Sikat gigi setelah berbuka puasa dan sebelum sahur. Gunakan pasta gigi berfluoride. Tunggu sekitar 30 menit setelah makan sebelum menyikat gigi untuk melindungi email gigi.
Banyak yang khawatir menyikat gigi saat berpuasa. Faktanya, menyikat gigi dengan pasta gigi tidak membatalkan puasa asalkan tidak menelan air.
Makanan dapat tersangkut di sela-sela gigi dan menyebabkan pertumbuhan bakteri. Gunakan benang gigi atau sikat interdental sekali sehari.
Cobalah minum 8–10 gelas air antara berbuka puasa dan sahur. Ini membantu mencegah dehidrasi dan mulut kering.
Bakteri sering menumpuk di lidah. Gunakan alat pembersih lidah atau sikat lidah dengan lembut untuk mengurangi bau mulut.
Konsumsi buah-buahan kaya vitamin C seperti jeruk dan jambu biji. Pilih makanan sehat seperti oatmeal, yogurt, kacang lentil, dan sayuran. Hindari konsumsi gula berlebihan karena dapat menjadi makanan bagi bakteri.
Kopi dan makanan asin dapat membuat mulut kering lebih cepat. Cobalah untuk mengurangi konsumsinya, terutama saat sahur.

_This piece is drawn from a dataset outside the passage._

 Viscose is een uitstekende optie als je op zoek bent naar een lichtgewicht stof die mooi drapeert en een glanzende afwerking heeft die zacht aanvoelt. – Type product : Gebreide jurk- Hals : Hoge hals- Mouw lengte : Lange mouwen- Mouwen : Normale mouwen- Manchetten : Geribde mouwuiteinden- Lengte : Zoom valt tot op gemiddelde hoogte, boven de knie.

Permen karet tanpa gula dapat merangsang produksi air liur dan membantu membersihkan mulut secara alami, loh. Bisa dicoba, nih!
Buah dan sayuran renyah seperti apel dan wortel membantu membersihkan gigi secara alami dan merangsang produksi air liur.

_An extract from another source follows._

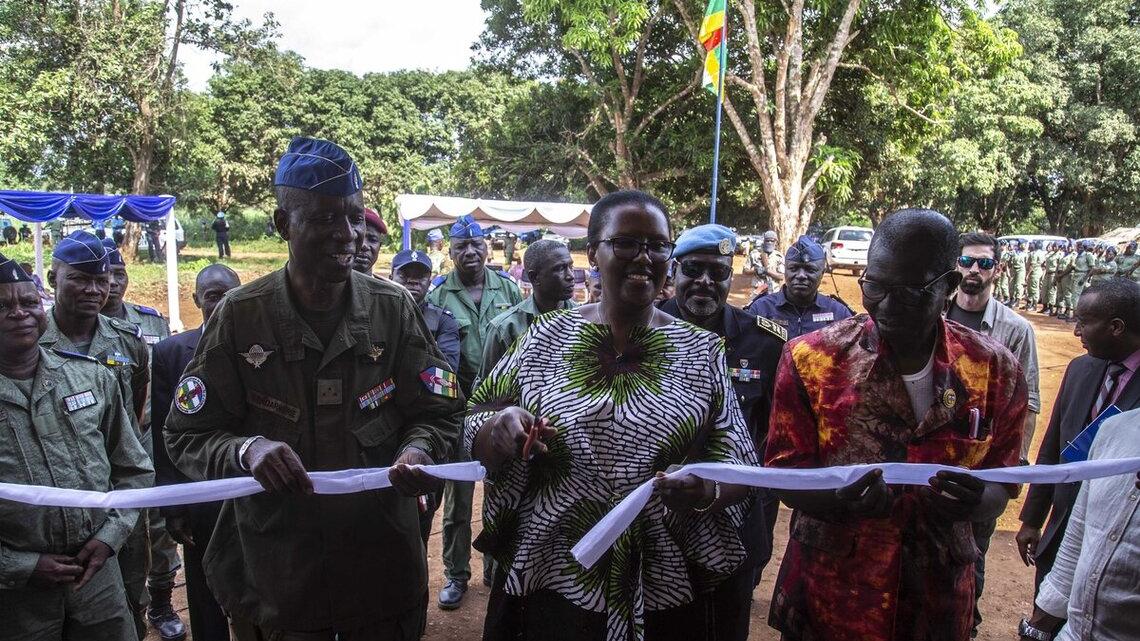 Dans ses mots de circonstances, Valentine Rugwabiza, cheffe de la MINUSCA a réitéré l’engagement de la Mission de soutenir le gouvernement centrafricain dans le processus de la restauration de l’autorité de l’Etat. " Ce projet est le résultat de la volonté politique ferme du gouvernement de restaurer l'autorité de l'état et la détermination de la MINUSCA à s'investir avec constance et résolution dans le soutien au déploiement des Forces de sécurité intérieure et à la préservation de l'intégrité territoriale ", a-t-elle déclaré.

Obat kumur tanpa alkohol dapat membantu mengurangi bakteri dan menjaga napas segar tanpa menyebabkan kekeringan.
Pemeriksaan gigi memastikan masalah gigi ditangani sejak dini dan membantu Mommies dan keluarga menjaga kesehatan mulut yang baik selama bulan puasa.
BACA JUGA: Ide 8 Sahur Praktis untuk Ibu Bekerja, Anti Ribet dan Bergizi!

Puasa memang dapat memengaruhi kesehatan mulut, tapi beberapa gejala tidak boleh diabaikan.
Bintik-bintik putih atau krem pada lidah, pipi bagian dalam, atau gusi dapat menandakan sariawan mulut, infeksi jamur yang disebabkan oleh pertumbuhan berlebihan jamur Candida.
Bau mulut selama puasa adalah hal yang wajar hingga batas tertentu, tetapi jika baunya tak hilang meskipun sudah menyikat gigi dan merawat mulut dengan baik, hal ini mungkin menandakan masalah yang lebih serius. Bau mulut yang persisten dapat disebabkan oleh penyakit gusi, infeksi, atau penumpukan bakteri di lidah.
Jika gusi berdarah saat menyikat gigi atau membersihkan dengan benang gigi, hal ini mungkin merupakan tanda awal gingivitis, bentuk ringan penyakit gusi yang disebabkan oleh penumpukan plak. Tanpa pengobatan, kondisi ini dapat berkembang menjadi periodontitis, kondisi yang lebih serius yang dapat merusak gusi dan tulang penyangga mulut.
Selama Ramadan, produksi air liur yang berkurang dapat membuat tenggorokan lebih rentan terhadap iritasi dan bakteri. Jika rasa sakit berlanjut selama beberapa hari atau memburuk, disarankan untuk segera ke dokter, ya.